With so many possible subjects for this column, I had a hard time deciding which one to focus on.

On my return from a wonderful visit to the Montreal Electric Vehicle Show (MEVS), I chose to talk about a Kia that visited our workshop for a repair a few weeks ago.

Let’s move on to the details of the vehicle. The vehicle in question, a 2019 Kia Niro EV, has 280,000 km. Yes, 280,000 km! The customer complains that recharging is increasingly unstable and unpredictable.

The vehicle may not recharge overnight. An electrician confirms that the installation at home is in good condition. This is where we are called in to find the cause of the problem.

To avoid having to make several appointments for the diagnosis, I ask the customer if he can bring his charging station with him, so that I can take all the components used for at charging home with me. It’s a portable terminal, so no problem bringing it to me.

Detailed codes

Photo taken when our technician Jayson replaced the charging port. Photo Steve Oborne

At the appointment, the first step was, as usual, to read any fault codes the vehicle might have in its memory.

One code caught my eye: C182C EVSE Failure.

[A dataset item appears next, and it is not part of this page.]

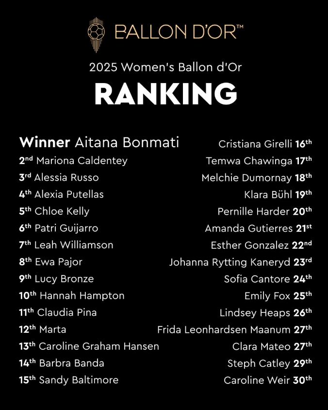 2025 Women's Ballon d'Or final results: Bonmati 1st, Mariona 2nd, Russo 3rd

Quite a vague code title.

In Kia’s charter, the description tells us that there is a communication problem between the vehicle (which is done by the Charge Control Module located inside the dashboard!) and the EVSE (Electric Vehicle Supply Equipment).

I’ll spare you the trouble of reading the charter, the problems it will bring you, and the headaches it may cause, by giving you a little trick that will save you all that.

All it takes is a tool we’re using more and more in our workshop: a thermal imaging camera.

Parts that wear out

Photo taken on the refill gun after two hours’ refill. Photo Steve Oborne

The Niro showed no charging problems during our diagnosis. This is where I decide to let the customer’s terminal charge for two hours, and then inspect it with the thermal camera. BINGO! The charging port is a glaring problem.

A bad contact on one of the terminals in the charging port leads us to conclude that, with 280,000 km on the odometer, the charging port has worn out, and a replacement of it in addition to the terminal gun is the solution.

Once the refill port and pistol had been replaced, the customer was able to take his beautiful Niro home, ready to receive full refills without a hitch.

I’d like to end this article with a question. During our visit to MEVS, several EV repair and maintenance training centres were present.

Do you know the most common question they received from the public? Who else but dealers can repair and maintain their EVs?

With the EV craze that we saw once again at the show, are you going to be one of those people who can say yes, I can service or repair your EV to the next person who walks into your yard? Good thinking!